## Given data

Start of Block

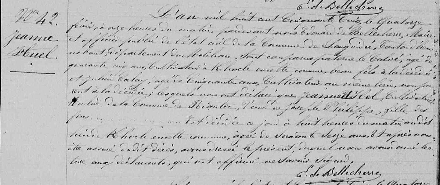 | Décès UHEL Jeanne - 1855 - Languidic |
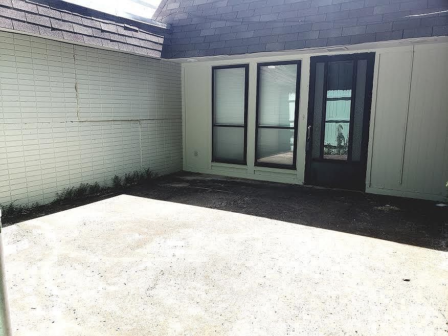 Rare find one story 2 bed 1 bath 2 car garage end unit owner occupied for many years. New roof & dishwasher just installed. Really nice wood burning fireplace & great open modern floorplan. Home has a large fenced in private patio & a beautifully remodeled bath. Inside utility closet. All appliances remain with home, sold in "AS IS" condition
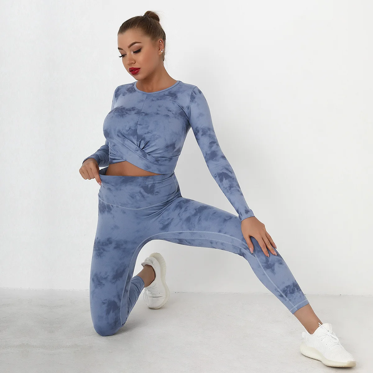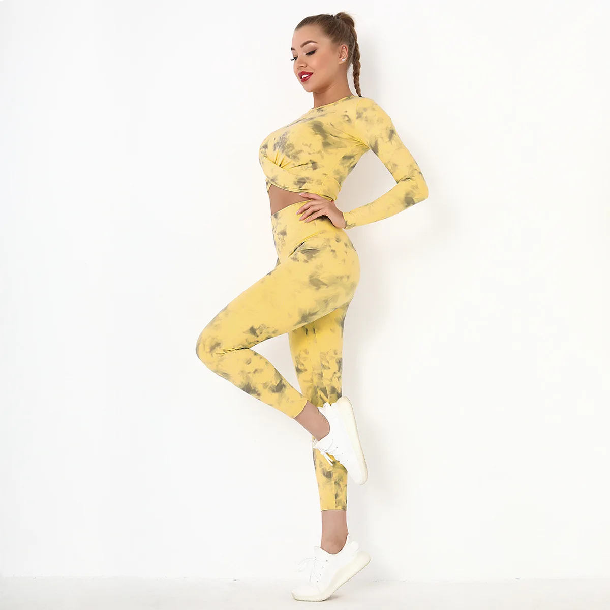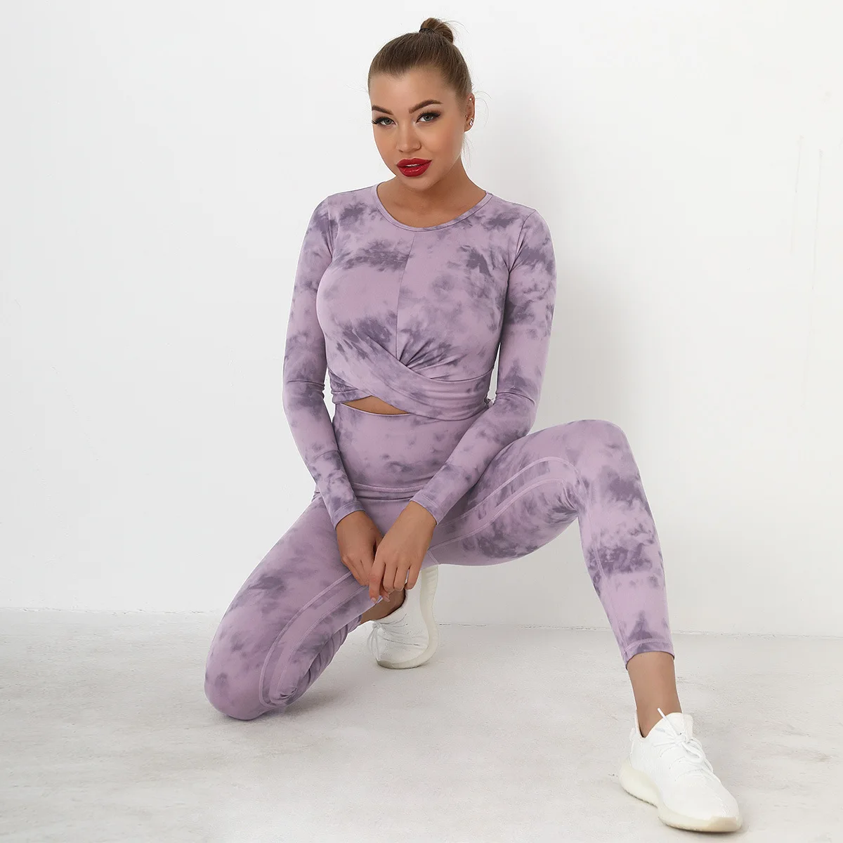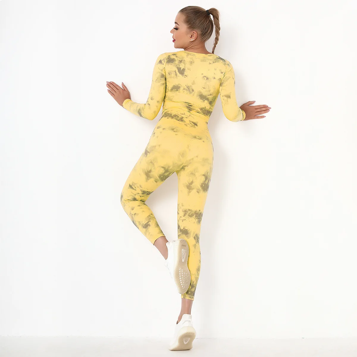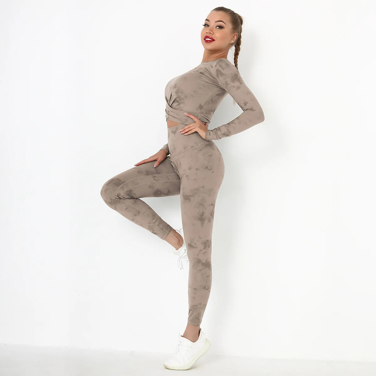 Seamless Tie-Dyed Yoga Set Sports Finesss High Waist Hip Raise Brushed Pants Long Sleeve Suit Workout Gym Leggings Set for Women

End of Block

## Task instructions
Copy out exactly, without any pictures, the lines above that begin at the one with "Rare find one" and end at the last line of the listing.

## Exercise answer
 Rare find one story 2 bed 1 bath 2 car garage end unit owner occupied for many years. New roof & dishwasher just installed. Really nice wood burning fireplace & great open modern floorplan. Home has a large fenced in private patio & a beautifully remodeled bath. Inside utility closet. All appliances remain with home, sold in "AS IS" condition
 Seamless Tie-Dyed Yoga Set Sports Finesss High Waist Hip Raise Brushed Pants Long Sleeve Suit Workout Gym Leggings Set for Women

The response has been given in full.